ITBO20080688A1 - ELECTROCHEMICAL CELL - Google Patents

Description

ELECTROCHEMICAL CELL

DESCRIPTION OF THE INVENTION

The present invention is part of the electrochemical sector and in particular it refers to an electrochemical cell suitable, for example for the electrolytic production of an anolyte.

Parallelepiped-shaped electrolytic cells are known with flat electrodes separated from the membrane by draining spacers designed to keep the membrane in position and to allow the flow of an electrolytic liquid, for example a brine, between each electrode and the respective membrane.

Spacers are known, in the form of draining nets, made with polyolefins or in glass fiber and PTFE.

Spacers made with polyolefins have the disadvantage of being poorly resistant and insufficiently durable, particularly on the anode side, where the environment is very acidic.

All the known draining spacers mentioned above have the disadvantage of causing high pressure drops in the flow of the liquid which cause risks of overheating of the cell and repercussions on the membrane which is subjected to a damaging pressure gradient.

Another disadvantage of the known spacers mentioned above is that they shield the electrodes to which they are associated by creating shadow areas on them and causing a reduction in efficiency.

A further disadvantage of the known spacers mentioned above consists in the fact that their draining net shape can "mark" and damage the membrane, touching it not uniformly, but through small cusps.

Another disadvantage of said known spacers consists in the fact that they can be difficult to assemble in the cell with loss of time, increased costs and risks of assembly errors.

A further disadvantage of said known spacers consists in the fact that they require a very complex and expensive design and construction of the electrolytic cells.

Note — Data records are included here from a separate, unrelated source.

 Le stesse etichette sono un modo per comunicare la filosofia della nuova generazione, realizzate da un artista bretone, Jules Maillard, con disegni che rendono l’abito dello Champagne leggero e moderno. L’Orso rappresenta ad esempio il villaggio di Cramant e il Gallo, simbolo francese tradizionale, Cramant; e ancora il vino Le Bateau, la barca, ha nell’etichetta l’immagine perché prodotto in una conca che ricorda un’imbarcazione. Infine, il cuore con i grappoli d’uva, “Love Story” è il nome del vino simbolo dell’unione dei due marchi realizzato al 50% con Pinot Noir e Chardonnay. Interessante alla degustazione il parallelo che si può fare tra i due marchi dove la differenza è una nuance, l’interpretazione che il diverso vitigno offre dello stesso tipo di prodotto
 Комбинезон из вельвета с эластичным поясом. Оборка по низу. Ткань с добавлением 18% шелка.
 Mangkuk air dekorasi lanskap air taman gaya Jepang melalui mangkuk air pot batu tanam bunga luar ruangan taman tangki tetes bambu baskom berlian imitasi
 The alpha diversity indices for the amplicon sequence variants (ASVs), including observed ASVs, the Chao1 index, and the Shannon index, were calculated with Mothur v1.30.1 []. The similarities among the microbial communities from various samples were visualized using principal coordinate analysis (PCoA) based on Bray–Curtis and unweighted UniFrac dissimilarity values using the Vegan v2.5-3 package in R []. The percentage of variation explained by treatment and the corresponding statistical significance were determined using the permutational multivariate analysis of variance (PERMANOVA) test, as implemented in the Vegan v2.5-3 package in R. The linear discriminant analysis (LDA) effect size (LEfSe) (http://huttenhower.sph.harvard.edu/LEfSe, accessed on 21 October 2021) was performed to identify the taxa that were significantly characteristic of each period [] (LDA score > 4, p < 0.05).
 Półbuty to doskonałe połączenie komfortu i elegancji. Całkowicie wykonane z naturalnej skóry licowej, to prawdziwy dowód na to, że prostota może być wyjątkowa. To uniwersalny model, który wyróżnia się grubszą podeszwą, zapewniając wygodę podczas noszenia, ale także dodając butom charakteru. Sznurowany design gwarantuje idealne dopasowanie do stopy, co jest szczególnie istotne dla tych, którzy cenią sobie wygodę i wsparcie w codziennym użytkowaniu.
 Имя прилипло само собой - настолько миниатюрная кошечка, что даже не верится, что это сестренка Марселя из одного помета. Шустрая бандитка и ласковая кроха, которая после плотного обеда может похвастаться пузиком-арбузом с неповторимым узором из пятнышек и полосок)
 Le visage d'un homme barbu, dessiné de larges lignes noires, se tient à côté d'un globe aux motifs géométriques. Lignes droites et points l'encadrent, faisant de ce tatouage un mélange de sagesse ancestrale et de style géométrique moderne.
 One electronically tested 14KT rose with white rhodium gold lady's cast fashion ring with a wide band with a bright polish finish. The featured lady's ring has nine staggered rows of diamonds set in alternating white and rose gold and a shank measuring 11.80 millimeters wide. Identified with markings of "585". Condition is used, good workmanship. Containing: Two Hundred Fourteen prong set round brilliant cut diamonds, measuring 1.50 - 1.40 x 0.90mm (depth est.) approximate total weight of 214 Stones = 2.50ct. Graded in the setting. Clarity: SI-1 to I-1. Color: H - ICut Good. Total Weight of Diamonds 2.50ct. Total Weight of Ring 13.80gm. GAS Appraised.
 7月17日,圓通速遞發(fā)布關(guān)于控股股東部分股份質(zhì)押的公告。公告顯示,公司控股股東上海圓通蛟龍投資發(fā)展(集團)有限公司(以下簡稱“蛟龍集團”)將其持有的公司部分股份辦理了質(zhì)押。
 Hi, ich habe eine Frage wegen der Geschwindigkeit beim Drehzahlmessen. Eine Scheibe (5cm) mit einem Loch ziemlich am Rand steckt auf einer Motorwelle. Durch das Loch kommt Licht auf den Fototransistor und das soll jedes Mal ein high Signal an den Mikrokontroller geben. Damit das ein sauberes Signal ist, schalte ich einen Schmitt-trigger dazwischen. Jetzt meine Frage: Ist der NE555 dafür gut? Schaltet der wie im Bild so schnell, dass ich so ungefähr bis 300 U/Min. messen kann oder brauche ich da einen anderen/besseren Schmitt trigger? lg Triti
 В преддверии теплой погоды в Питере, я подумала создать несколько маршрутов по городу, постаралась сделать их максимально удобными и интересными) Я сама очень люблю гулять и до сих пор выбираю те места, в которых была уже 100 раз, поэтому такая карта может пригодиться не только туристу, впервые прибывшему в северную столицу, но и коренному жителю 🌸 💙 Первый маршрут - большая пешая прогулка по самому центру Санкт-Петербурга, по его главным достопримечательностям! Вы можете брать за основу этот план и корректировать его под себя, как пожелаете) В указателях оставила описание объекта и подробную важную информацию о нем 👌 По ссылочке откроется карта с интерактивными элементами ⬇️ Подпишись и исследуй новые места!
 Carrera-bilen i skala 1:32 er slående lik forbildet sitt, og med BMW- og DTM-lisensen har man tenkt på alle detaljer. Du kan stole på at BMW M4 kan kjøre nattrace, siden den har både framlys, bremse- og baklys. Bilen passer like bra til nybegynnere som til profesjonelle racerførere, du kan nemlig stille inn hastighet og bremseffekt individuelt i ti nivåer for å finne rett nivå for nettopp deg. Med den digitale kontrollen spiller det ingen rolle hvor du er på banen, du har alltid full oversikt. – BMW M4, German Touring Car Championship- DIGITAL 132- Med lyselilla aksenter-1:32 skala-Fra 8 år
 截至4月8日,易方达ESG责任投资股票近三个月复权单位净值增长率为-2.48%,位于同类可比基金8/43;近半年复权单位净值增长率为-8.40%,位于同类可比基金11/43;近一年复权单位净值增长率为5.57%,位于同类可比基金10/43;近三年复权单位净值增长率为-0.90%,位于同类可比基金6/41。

An object of the present invention is to propose an electrochemical cell with low or very low pressure drops of the liquid flow.

Other objects are to propose a high efficiency cell, capable of operating with reduced electrical voltages, free from the risk of erosive and / or mechanical damage to the membrane and free from overheating.

Further aims are to propose a cell of simple design and production, easy and quick to assemble and safe.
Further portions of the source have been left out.